Presently, when a task is added to a Project, it is a single task with a start (and optionnal end) date
I would like to customize the task creation by adding the option to create recurrent and plannified tasks (as provided by the repeat date in the calendar management).

As I am new to Erpal, I cannot estimate the best way to do that, neither the effort nor the implications of this change.

Has anybody thought about this functionnality and could give me some hints ?

Thanks in advance

Comments

manuelBS’s picture

There is a module at https://www.drupal.org/project/erpal_repeatable_tasks
But it is not yet well tested and may be buggy but the scope is exactly what you need. I am looking forward some feedback.

marcver’s picture

Thanks.
I tried it : Erpal for service providers + erpal_repeatable_tasks module enabled
In the Advanced section of the task edit form, "Repeat Options" does not show up

manuelBS’s picture

Please try to go to /admin/structure/types/manage/erpal_task/fields and move the repeat options field set into the "advanced" area. Then it should appear. I will add this information to the project page and rename this task.

manuelBS’s picture

Status: Active » Needs work
marcver’s picture

Thanks. The date repeat options of the Erpal module are confusing to me as they do not fit the date repeat options and behaviour of say the Debut Event (debut_event) module.
Please, could you give more detailed documentation about the fields usage ?

In the debut_event, the Event duration is computed from 2 datetime fields : datetime beginning and datetime end of the event.
When repeating an event, the beginning and end times are kept and cloned to a set of dates.

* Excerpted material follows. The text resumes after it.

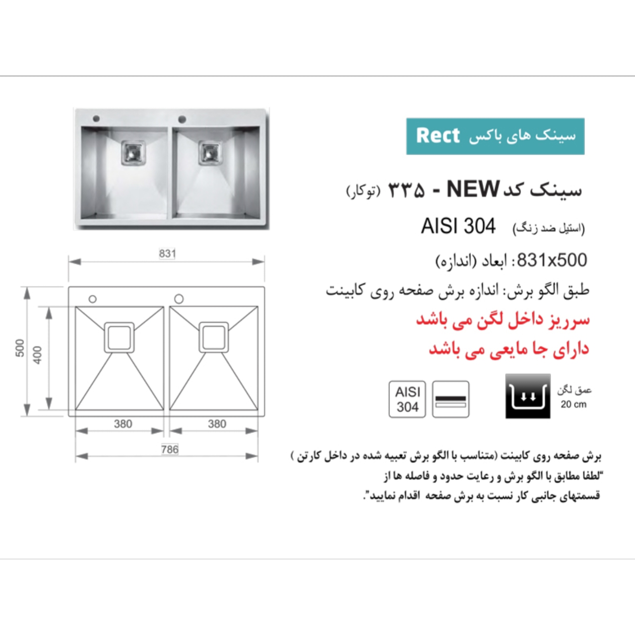 سینک ظرفشویی باکسی اخوان مدل 335 در زمستان ۱۴۰۲ توسط کارخانه به بازار ارائه شد. این سینک مشابه سینک بسیار پر فروش 334 میباشد با این تفاوت که دارای ابعاد بزرگتر (طول 83.5 سانتی متر) و لگن های بزرگتر میباشد. سینک باکسی اخوان با ضخامت ۱ میلی متر امکان نصب شیر ظرفشویی سنگین را به شما میدهد و دارای جامایع میباشد.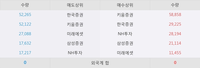 아직까지 외국계 증권사 창구를 통한 매매는 발생하지 않고 있다. 그리고 이 시간 한국증권이 매수창구상위에 올라있는 종목은 이 종목 이외에도 버추얼텍, 한라홀딩스 등이 있다.

In the Erpal task edit form with the repeat option, several date fields are displayed :
Date field and optionnal End Date field
Repeat task field
The Repeat task field is unclear to my understanding

In the Erpal task edit form with the repeat option :
some repeat options as day of the week checkboxes do not display correctly and cannot be selected.

When submitting the task edit form with repeat options, only one task is created (the first one) and I did not succeed in cloning the task.

When looking at admin/structure/types/manage/erpal-date/fields/field_date_repeat
the date item type is set to simple_date (other choice beeing repeat_task_date). I am wondering if this is correct.

Any details about the fields to use and how to use them will be welcome. Thanks again

marcver’s picture

I made tests as you required.
IMHO the repeatable task module functionnalities do not fit the general needs.
Indeed a repeatable task is cloned through a cron on a daily basis.
Which means that a cloned task will be created and displayed only the day it is scheduled to.
BTW the "mother" task itself is cloned on the same day, which does not make sense to me.

IMHO when creating a repeatable task, all the cloned tasks should be created and displayed at once at the form submit time. Does it make sense to you ?

Another point : does Erpal support scheduled tasks i.e. with beginning and ending times ?
As far as I understand, a task is defined as :
- something to do
- in a given date range
- with optionnal estimated duration time

but not as :
- something to do
- in a given date range
- with scheduled beginning and ending times (in this case, task duration is implicit)

Thank you in advance for your comments
and congratulations again for your awesome distribution

manuelBS’s picture

I agree that the current lables are not self explaining. The idea behind the fields is as follows:

Repeat Task Date: This is when the task will be repeated the first time.
Repeat: this is the rule when the task will be repeated again.
Increase repeated deadline: This is the number of days the deadline will be increased whereas the ical date that is set in the repeat rule is used as offset.

Of course it makes sence to repeat all tasks on form submit. But if you have more than 10 tasks, this will take some time so a bulk operation may be required to avoid a time out. This is why we decided to use the rule to specify when the task is going to be created in advance.

We use this in our daily work and it works fine but may be you need a different use case.